#### Exercise material ####

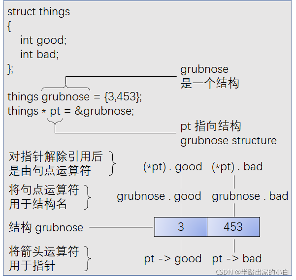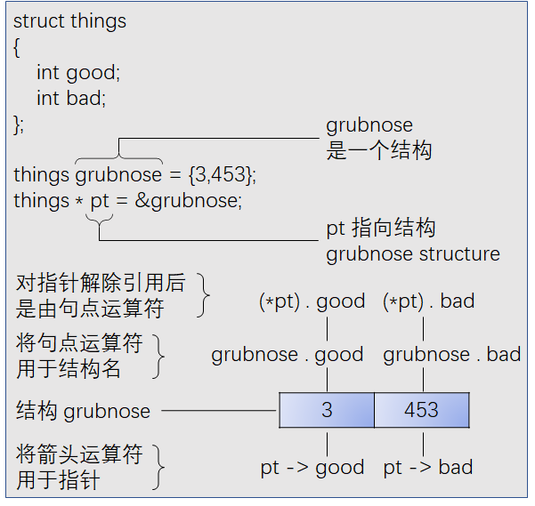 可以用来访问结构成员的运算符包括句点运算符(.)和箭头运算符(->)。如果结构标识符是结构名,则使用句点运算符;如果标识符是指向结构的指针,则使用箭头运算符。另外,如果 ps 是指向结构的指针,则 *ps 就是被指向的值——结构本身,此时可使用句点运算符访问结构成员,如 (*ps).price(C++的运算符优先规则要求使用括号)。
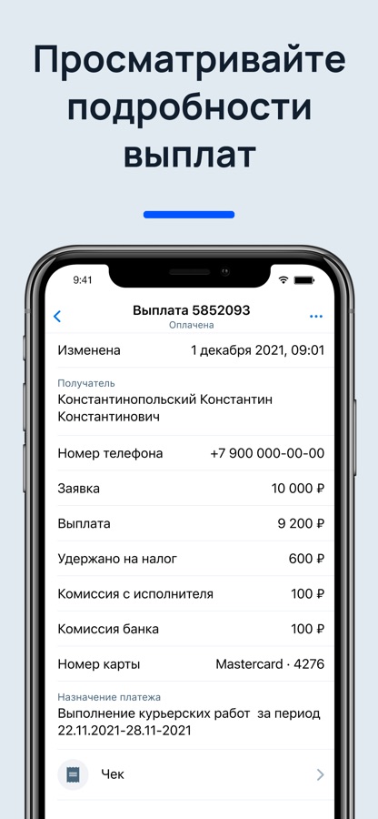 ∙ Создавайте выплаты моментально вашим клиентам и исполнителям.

####
#### Exercise material ####

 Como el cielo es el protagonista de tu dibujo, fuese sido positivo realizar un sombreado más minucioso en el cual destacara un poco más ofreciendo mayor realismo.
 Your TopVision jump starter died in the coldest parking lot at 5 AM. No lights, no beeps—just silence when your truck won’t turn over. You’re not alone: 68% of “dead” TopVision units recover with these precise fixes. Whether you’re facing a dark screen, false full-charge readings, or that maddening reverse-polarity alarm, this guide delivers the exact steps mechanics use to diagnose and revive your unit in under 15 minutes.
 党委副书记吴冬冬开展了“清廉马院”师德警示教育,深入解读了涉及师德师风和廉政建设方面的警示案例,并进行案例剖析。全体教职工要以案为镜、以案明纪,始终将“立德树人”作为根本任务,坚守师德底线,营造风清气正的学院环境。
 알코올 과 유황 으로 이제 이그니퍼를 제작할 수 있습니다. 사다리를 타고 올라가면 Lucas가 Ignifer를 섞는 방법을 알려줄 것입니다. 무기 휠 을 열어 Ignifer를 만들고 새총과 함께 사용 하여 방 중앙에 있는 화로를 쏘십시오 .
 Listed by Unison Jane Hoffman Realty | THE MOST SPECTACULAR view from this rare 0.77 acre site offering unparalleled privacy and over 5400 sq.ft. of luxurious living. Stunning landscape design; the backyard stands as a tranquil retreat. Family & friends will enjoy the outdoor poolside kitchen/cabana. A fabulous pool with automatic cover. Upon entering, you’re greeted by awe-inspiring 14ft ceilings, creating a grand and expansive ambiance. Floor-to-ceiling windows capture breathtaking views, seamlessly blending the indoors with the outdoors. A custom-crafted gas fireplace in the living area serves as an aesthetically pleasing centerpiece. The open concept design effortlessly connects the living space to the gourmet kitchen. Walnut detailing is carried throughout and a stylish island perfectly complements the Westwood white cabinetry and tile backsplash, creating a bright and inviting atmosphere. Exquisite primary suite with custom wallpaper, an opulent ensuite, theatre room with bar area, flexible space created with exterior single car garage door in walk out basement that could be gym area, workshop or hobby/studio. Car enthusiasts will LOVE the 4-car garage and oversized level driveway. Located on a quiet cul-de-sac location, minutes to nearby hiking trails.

####
#### Exercise material ####

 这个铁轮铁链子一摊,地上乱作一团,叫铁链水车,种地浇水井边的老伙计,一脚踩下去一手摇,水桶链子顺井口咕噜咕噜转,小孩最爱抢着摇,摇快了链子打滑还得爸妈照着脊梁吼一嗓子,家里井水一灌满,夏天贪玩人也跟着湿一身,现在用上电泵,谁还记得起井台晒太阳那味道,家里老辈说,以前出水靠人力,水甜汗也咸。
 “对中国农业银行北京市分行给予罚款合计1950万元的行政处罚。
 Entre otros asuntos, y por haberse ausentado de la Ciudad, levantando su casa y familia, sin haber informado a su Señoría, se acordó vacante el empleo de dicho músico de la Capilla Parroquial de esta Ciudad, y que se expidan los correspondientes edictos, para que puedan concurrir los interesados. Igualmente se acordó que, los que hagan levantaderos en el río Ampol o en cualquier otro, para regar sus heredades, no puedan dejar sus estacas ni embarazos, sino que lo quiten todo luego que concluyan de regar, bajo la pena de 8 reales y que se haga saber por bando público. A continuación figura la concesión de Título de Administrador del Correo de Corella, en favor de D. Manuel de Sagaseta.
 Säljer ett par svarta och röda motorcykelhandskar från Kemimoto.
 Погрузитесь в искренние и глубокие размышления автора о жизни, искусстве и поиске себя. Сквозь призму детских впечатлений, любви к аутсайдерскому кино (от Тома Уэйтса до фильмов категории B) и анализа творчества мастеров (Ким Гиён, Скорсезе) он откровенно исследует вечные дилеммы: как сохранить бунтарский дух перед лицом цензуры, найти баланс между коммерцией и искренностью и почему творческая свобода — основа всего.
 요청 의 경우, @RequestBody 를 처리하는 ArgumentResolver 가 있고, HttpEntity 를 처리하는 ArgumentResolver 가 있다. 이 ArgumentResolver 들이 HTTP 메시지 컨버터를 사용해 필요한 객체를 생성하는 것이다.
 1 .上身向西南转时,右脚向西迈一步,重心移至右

####

» Work request: Everything above from the line containing "Säljer ett par" through the line containing "1 .上身向西南转时,右脚向西迈一步,重心移至右" must be copied exactly. Nothing outside that range belongs in the answer.

» Reply to the exercise:
 Säljer ett par svarta och röda motorcykelhandskar från Kemimoto.
 Погрузитесь в искренние и глубокие размышления автора о жизни, искусстве и поиске себя. Сквозь призму детских впечатлений, любви к аутсайдерскому кино (от Тома Уэйтса до фильмов категории B) и анализа творчества мастеров (Ким Гиён, Скорсезе) он откровенно исследует вечные дилеммы: как сохранить бунтарский дух перед лицом цензуры, найти баланс между коммерцией и искренностью и почему творческая свобода — основа всего.
 요청 의 경우, @RequestBody 를 처리하는 ArgumentResolver 가 있고, HttpEntity 를 처리하는 ArgumentResolver 가 있다. 이 ArgumentResolver 들이 HTTP 메시지 컨버터를 사용해 필요한 객체를 생성하는 것이다.
 1 .上身向西南转时,右脚向西迈一步,重心移至右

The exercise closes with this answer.